A compact man with an expressive face, Bringuier, whose eyes appear to glow with each passing note, made an impression on the L.A. Phil during his six years as an assistant and resident conductor, a stint that ended in 2013 after he was named music director of the Tonhalle Orchestra Zurich in Switzerland. Now 28, he made his professional conducting debut at 14 on French national television and grew close to former Phil conductor Esa-Pekka Salonen and current music director Gustavo Dudamel, who also was a sensation at an early age.
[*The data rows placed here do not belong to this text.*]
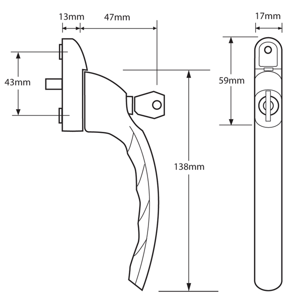 - Handle is automatically locked when closed, and can be deadlocked with the key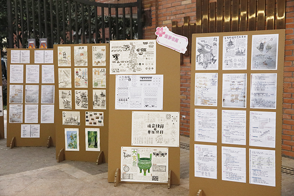 水磨石、玻璃幕墙、大理石砖……在环境设计学院“筑梦书院”社区的“建材材料猜猜猜”展位前,得一堂、图书馆、荷花池……这些印有学校建筑和风景图样的创意香片摆满了桌子,同学们通过图片辨认校园内的建筑材料,连续猜对3个,就可以获得自己喜欢的香片。“在轻松愉快的氛围中引导同学们认识建筑材料,可以有效促进专业认知。”该院分团委书记黄俊杰介绍道,“这一侧是我们正在进行的学霸笔记评选,这些笔记来自学院环境设计、园林、风景园林、室内艺术设计专业的50余位同学,我们将邀请现场观众评选出心中最好的10份笔记,并对笔记的作者予以奖励。”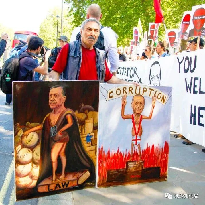 (倫敦街頭抗議埃爾多安的人羣,圖:壹圖網)▼

“I learned a lot from them and their relationships with the orchestra,” said Bringuier, his French accent allowing a bit of air to his vowels. “I really have the feeling that everything I learned, I learned in Los Angeles. I was 20 when I arrived and was working with one of the best orchestras in the world, not only in musical quality but in human quality.”
The bond between Bringuier and the Phil was evident last year when Dudamel and Salonen were in the audience in Zurich as Bringuier, a trained cellist, began his first season as music director for the Tonhalle Orchestra. That performance featured the premiere of Salonen’s “Karawane,” and the concert burnished Bringuier’s reputation as a rising European star despite some critics who complained he was too much under the influence of the L.A. Phil.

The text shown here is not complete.